Recent research has identified potential vaccine candidates through reverse-vaccinology pipeline screening. Immunoinformatics strategies have shown promise in designing novel vaccine candidates. Natural products like Embelin are being explored as potential treatments for latent herpesvirus infection. Bispecific antibodies (BsAbs) targeting different domains of glycoprotein D have shown potential to outperform individual monoclonal antibodies in curbing herpes infection.

The high global prevalence of HSV (13.2% with HSV-2 and 66.6% with HSV-1 as of 2016) underscores the critical need for better management strategies and novel therapeutic approaches.

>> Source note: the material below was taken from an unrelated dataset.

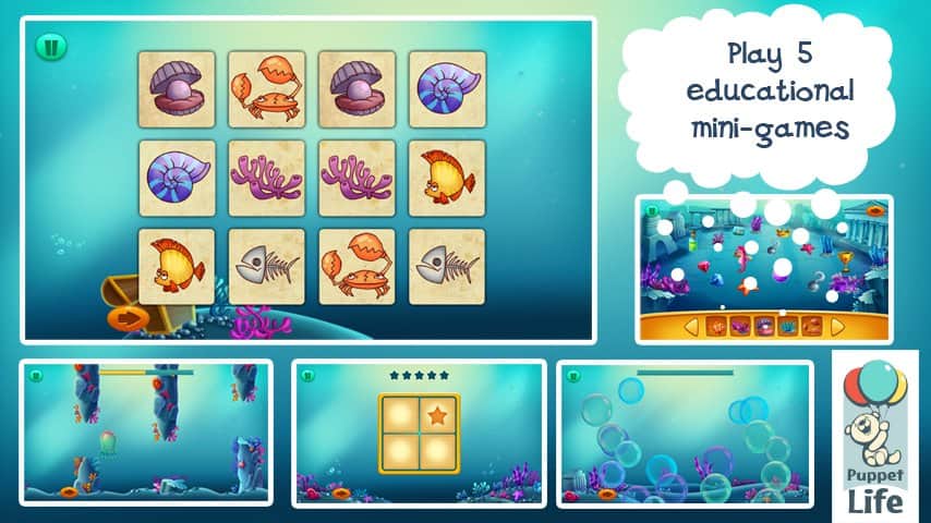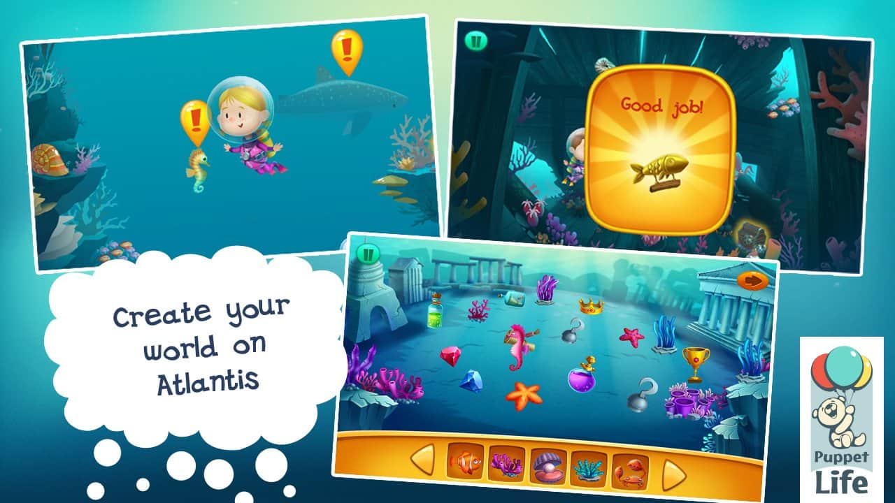 Подводный мир для детей – отправляйтесь вместе со своим чадом в увлекательное путешествие по подводному миру в поисках затерянной Атлантиды. Данная игра носит не только развлекательный характер, но и познавательный; направлена на развитие логических способностей, проявления сообразительности, развитие памяти. Красочный подводный мир, в свою очередь познакомит с жителями глубин океана, более 50 фактов о которых представлены в виде маленьких энциклопедических сводок. И наконец, самое главное данная игра не содержит рекламы и ссылок на социальные сети!
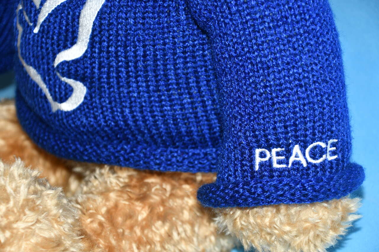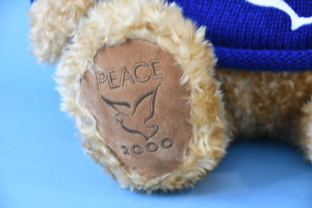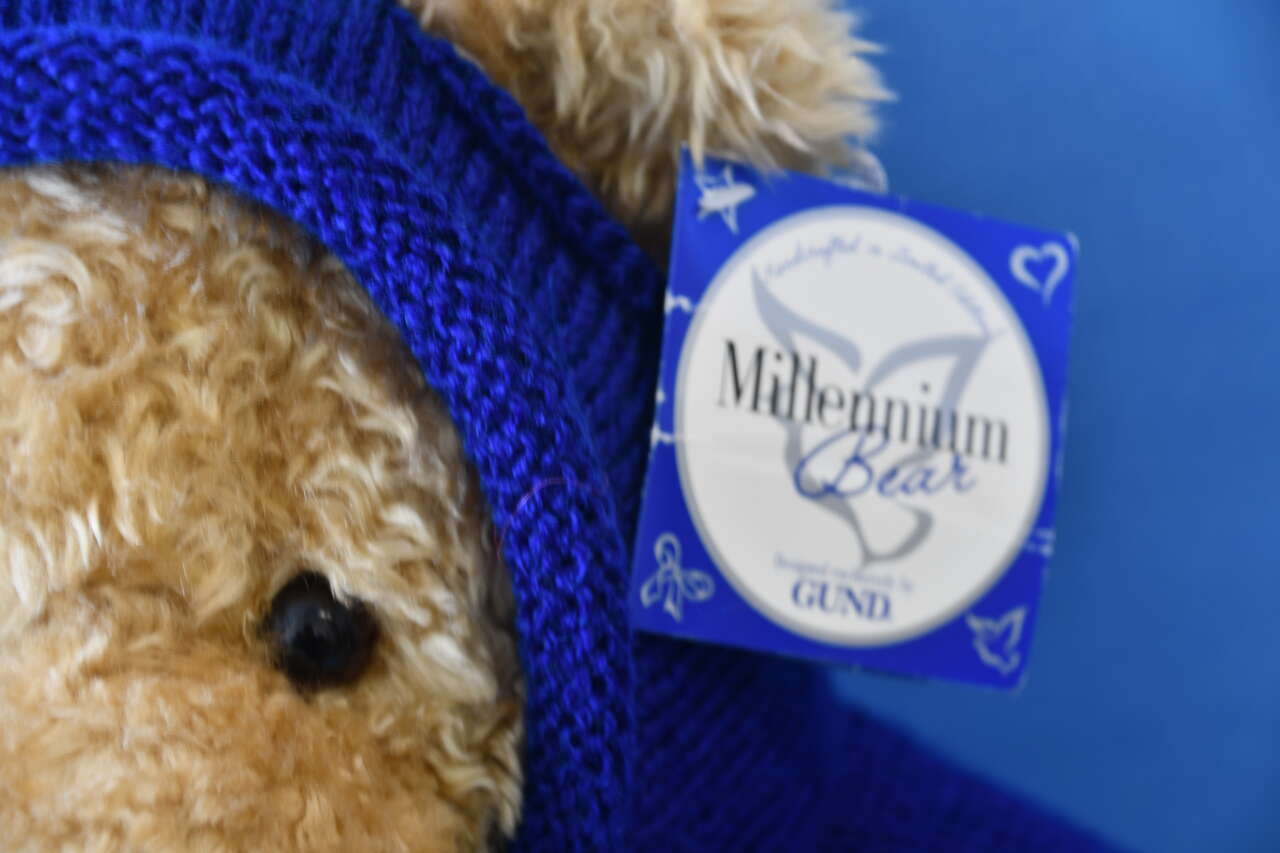 This VINTAGE 2000 GUND MILLENNIUM TEDDY BEAR with SWEATER is about 26" tall. It is CLEAN! Questions??? Please ask. We are located in Plain City. Cash only please.

Drugs with Similar Mechanism of Action as Pritelivir

After thorough research, insufficient information is available regarding other drugs being trialed for the same indication using the same mechanism of action (MoA) as Pritelivir.

The mechanism of action of Pritelivir itself is not detailed in the available data, nor is the specific indication for which it is being developed. Without this foundational information, it is not possible to identify other drugs that share Pritelivir's MoA or are being tested for the same indication.

Similarly, no data is available regarding the intervention models used in clinical trials for Pritelivir or comparable drugs. Clinical trial designs typically include various intervention models such as parallel assignment, crossover assignment, factorial assignment, or sequential assignment, but specific models used for Pritelivir-like drugs cannot be determined from the available information.

For comprehensive information about Pritelivir and similar drugs, consulting specialized pharmaceutical databases, clinical trial registries like ClinicalTrials.gov, or recent medical literature would be necessary. These sources would provide details on Pritelivir's mechanism of action, therapeutic targets, and comparable compounds in development.